After Cody was convicted of aggravated assault with a deadly weapon and sentenced to
fifteen years, B.W. and T.W. visited with Cody at the Bexar County jail on two occasions. Beth
testified she allowed the visits so the children could visualize where Cody was and that he was
okay. After the first visit, T.W. cried in the shower, and both children were emotionally affected
by the visit. After the second visit, both children cried for an hour and began fighting with each
other. Based on their reactions, Beth testified it was not in their best interest to continue visiting
with Cody at the jail.
The children were initially speaking with Cody on the telephone on a daily basis; however,
the calls were reduced to twice a week because the children were having difficulty processing the
situation. Beth testified the children’s behavior improved when their communication with Cody
decreased, and the children eventually started running and hiding from the telephone when Cody
called.

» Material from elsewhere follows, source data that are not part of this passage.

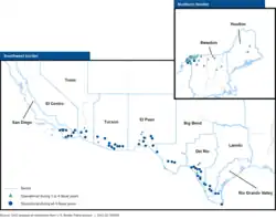 The United States Border Patrol operates 71 traffic checkpoints, including 33 permanent traffic checkpoints, near the Mexico–United States border.[1][2] The stated primary purpose of these inspection stations is to deter illegal immigration and smuggling activities. After the September 11 attacks in 2001, they took on the additional role of terrorism deterrence. These checkpoints are located between 25 and 75 miles (40 and 121 km) of the Mexico–United States border along major U.S. highways; near the southern border of the contiguous United States. Their situation at interior locations allow them to deter illegal activities that may have bypassed official border crossings along the frontier. The checkpoints are divided among nine Border Patrol sectors. There are a number of these checkpoints near the northern border of the contiguous U.S. as well (such as in the states of New York or Maine), within 100 miles (160 km) of the Canada–U.S. border.[3]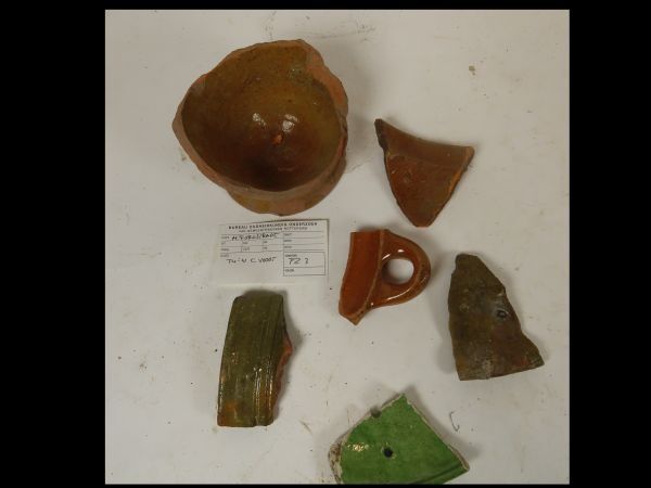 Zes scherven aardewerk. Roodbakkend geglazuurd (3) groen geglazuurd (1) ben en grijs.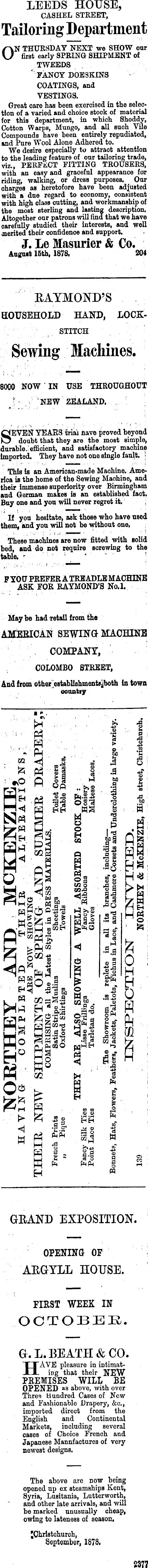 LEEDS HOUSE, CASHEL STREET, Tailoring Department ON THURSDAY NEXT we SHOW our first early SPRING SHIPMENT of TWEEDS FANCY DOESKINS COATINGS, and VESTINGS, Great care has been exercised in the selection of a varied and choice stock of material for this department, in which Shoddy, Cotton Warps, Mungo, and all such Vile Compounds have been entirely repudiated, and Pure Wool Alone Adhered to. We desire especially to attract attention to the leading feature of our tailoring trade, viz., PERFECT FITTING TROUSERS, with an easy and graceful appearance for riding, walking, or dress purposes. Our charges as heretofore have been adjusted with a due regard to economy, consistent with high class cutting, and workmanship of the most sterling and lasting description. Altogether our patrons will find that we have carefully studied their interests, and well merited their confidence and support. J. Le Masurier & Co. August 15th, 1878. 204 RAYMOND’S HOUSEHOLD HAND, LOCKSTITCH Sewing Machines. 8000 NOW IN USE THROUGHOUT NEW ZEALAND. SEVEN YEARS trial nave proved beyond doubt that they are the most simple, durable, efficient, and satisfactory machine Imported. They have not one single fault. This is an American-made Machine, America is the home of the Sewing Machine, and their Immense superiority over Birmingham and Gorman makes is an established fact. Buy one and you will never regret it. If you hesitate, ask those who have used them, and you will not be without one, These machines are now fitted with solid bed, and do not require screwing to the table, ' P YOU PREFER A TREADLE MACHINE ASK FOR RAYMOND’S No.l. May be had retail from the AMERICAN SEWING-MACHINE COMPANY, COLOMBO STREET, And from other ooontvy w P 3 A op a ,0 ffl H H M o o H V N H H m V2& P © H fi H« o > (J2 Q s a H 03-° t* cS hi >» © W3h n .a a 0 © p H H EH O w» m O -n 02 2? H H S O e*a E2 'O h Jj ns QQ s .a a? W Jo B S 3 in s 3 M H mO EH H m M m o £ K” H H Ph Ph M M m a _ B -S n H GRAND EXPOSITION. OPENING OF ARGYLL HOUSE. FIRST WEEK IN OCTOBER. G. L. DEATH & CO. HAVE pleasure in intimating that their NEW PREMISES WILL BE OPENED as above, with over Three tiundred Cases of New and Fashionable Drapery, &c., imported direct from the English and Continental Markets, including several cases of Choice French and Japanese Manufactures of very newest designs. The above arc now being opened up ex steamships Kent, Syria, Lusitania, Lutterworth, and other late arrivals, and will be marked unusually cheap, owing to lateness of season, September, 1878. 8377
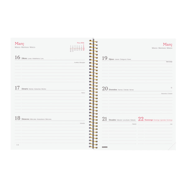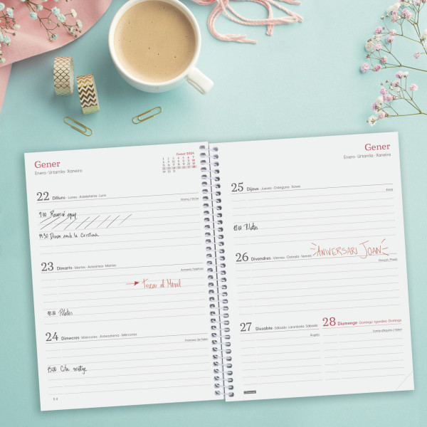 Agenda de espiral con tapas ligeras de polipropileno. Diseño en tendencia y a la moda. Ideal para uso personal y/o profesional. Con goma elástica. Con esquinas microperforadas para localizar rápidamente el día/semana en curso. El diseño interior es limpio y fácil, con espacio suficiente para organizar tus proyectos, tareas y compromisos. Agenda con información de interés en la anualidad y otros contenidos extra orientados a la organización personal.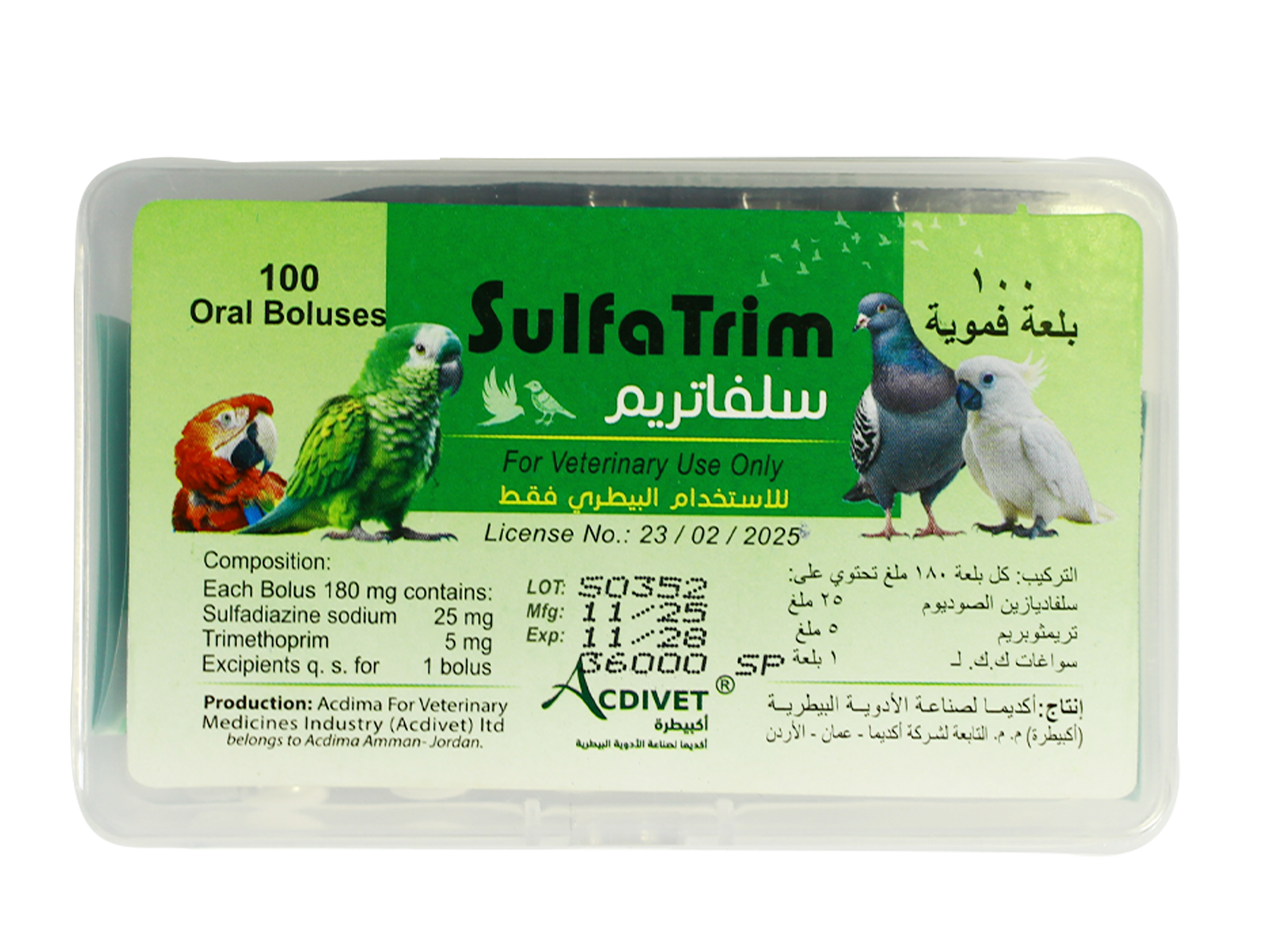Sulfatrim contains sulfadiazine combined with trimethoprim, making it effective in treating gastrointestinal infections, diarrhea, coccidiosis, E. coli, and Salmonella. It can also be used to treat respiratory tract infections as well as genitourinary tract infections in pigeons, parrots, and ornamental birds.
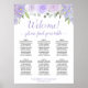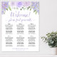 Welcome your guests to your wedding reception with this 6 table boho chic seating chart. The design features a hand painted watercolor droses, blossoms, and flowers in shades of lavender, lilac, and dusty purple, along with garden greenery, eucalyptus leaves and foliage. The elegant script calligraphy title reads: Welcome! Please find your table, with space for the couple's names and wedding date at the bottom. Has seating assignments for up to 60 guests with 10 seats per table. Wonderful way to add beauty and charm to your reception while making it easy for your guests to find their seats.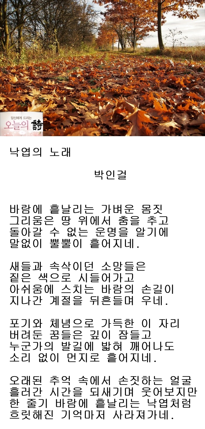 | 애강나무 그리움 - 박인걸 (1) | 2024.11.18 |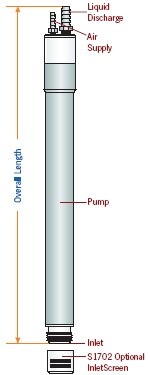 The Eliminator™ is a high capacity bladder pump designed for LNAPL and DNAPL. It’s also used to handle viscous contaminants, such as crude oil. How it works: When the bladder is squeezed from the outside by the compressed air, fluid within the bladder is forced out through a check valve at the top of the pump. Then, when the air pressure around the bladder is exhausted, the bladder expands, resuming its original shape. This pulls fluid into the bladder through either the top or bottom inlet, depending on the pump inlet configuration.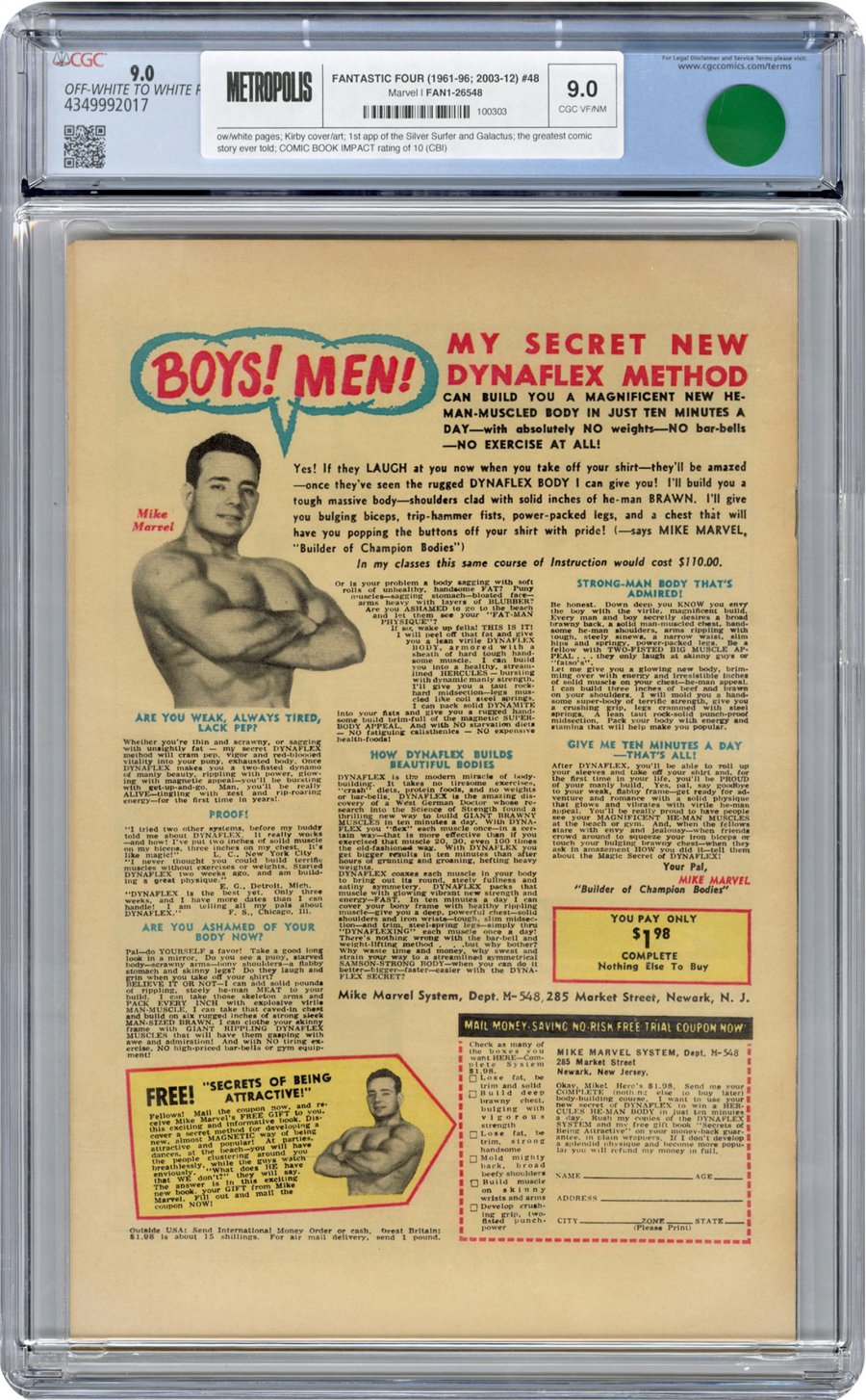 Fantastic Four #48 launched the legacies of two enduring Marvel legends, introducing the Silver Surfer as the herald of Galactus, Devourer of Worlds — who shows up at the end with his own first appearance. The result is a highly collectible classic comic that launches an arc of what fans and collectors both celebrate as "the Greatest Comics Story Ever Told." This timeless tale from Stan Lee and Jack Kirby is one of the true classics that elevated the Fantastic Four into one of the comic industry's most ambitious titles. Marvel Studios' revival of the big-screen FF has been one of the most hotly anticipated projects in the history of superhero films, with Fantastic Four: First Steps adapting this tale for the team's return to the official Marvel Movie family.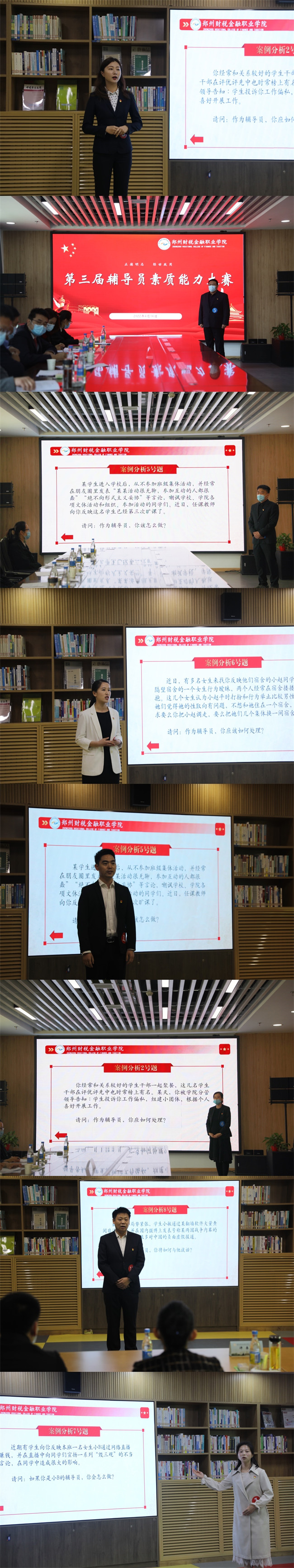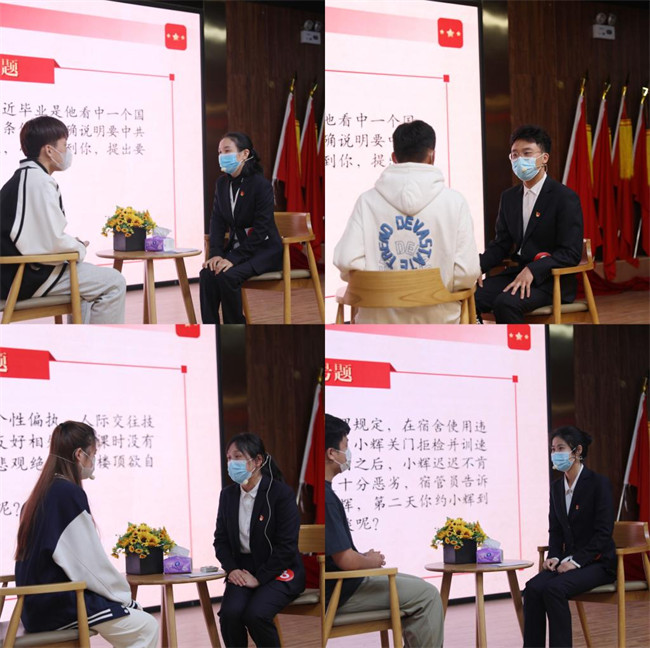 本次大賽按照教育部辦公廳《關于舉辦第九屆全國輔導員素質能力大賽的通知》中的賽制安排,分為基礎知識測試、案例研討、談心談話三個環(huán)節(jié);A知識測試于4月15日下午在厚德樓二樓會議室采用閉卷作答方式開展,重點考察輔導員的理論素養(yǎng)和業(yè)務知識;案例研討于4月16日上午在圖書館分為A、B考場進行,主要考察輔導員綜合運用理論分析問題、研判問題、解決問題、應急處理等能力;經過以上兩項比賽的選拔,共有11名輔導員入圍決賽。

Beth explained the children did not understand things Cody told them or how to process
what he was saying. Cody wrote the children a letter stating evil forces led to his conviction but
later wrote the children a letter stating God allowed him to be convicted so he could lead the other
prisoners. Beth testified Cody wrote one letter “in the first person as God and signed it, Love
God.” On March 23, 2016, Cody wrote T.W. a letter telling her they would “be together as a
family again before you know it.” Beth testified she was asking the trial court to deny Cody access
to the children because it was not in their best interest.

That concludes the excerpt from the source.